The aim was to end up with around six big finishers nationwide. This would lead to further savings in processing. Silver Fern was now a partner. "If we can turn up to them with 300 to 500 thousand lambs, those are lambs they don't have to worry about going to the market for. It underwrites a proportion of their kill every week. That's valuable to them." Most farmers weren't driving production hard enough.

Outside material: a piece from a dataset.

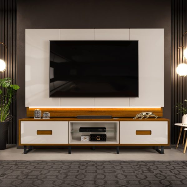 É uma escolha elegante e versátil para a compor sua sala de estar, com seu design contemporâneo e funcional, este produto apresenta um ótimo equilíbrio entre estética e funcionalidade, facilitando a organização do seu ambiente, além de deixá-lo de cara nova. Produzido em em MDP e MDF, proveniente de madeira de reflorestamento, suas medidas permitem acomodar TVs de até 75 polegadas, o melhor do entretenimento para você e sua família. No painel existem chanfros usinados, além de uma faixa inferior com iluminação LED, que dá um toque de sofisticação a mais no seu produto.

Three areas stood out where improvements could be made - raise lambing percentages to around 165 per cent, lift weaning weights to as high as 36kg and drop wastage from culls and deaths to 22 per cent. "We really have to make substantial improvements in our value chain. As an industry we've got to sort our marketing, our processing sector and there's plans afoot to do that," he said, referring to the Silver Fern-PGG Wrightson merger. "I suggest we get in behind that by committing our supply to it. But let's focus on what we can control behind the farmgate. We have to improve productivity. With a small ruminant there's a quantum lift we can make - through maximising our output through genetics, better feeding, a streamlined system and by monitoring our costs." Mr Absolom urged the farmers to take home the message of "moving forward together" and pass it on.
"It's on-farm, in the hill country breeding factory that is in our power to fix. If we can't manage that, we may as well give up now. "It's not about trying to do down the next guy. To really take advantage of the better times that are coming, we have to cooperate across breeds, across stock classes, right across the whole industry. We have to learn to trust one another."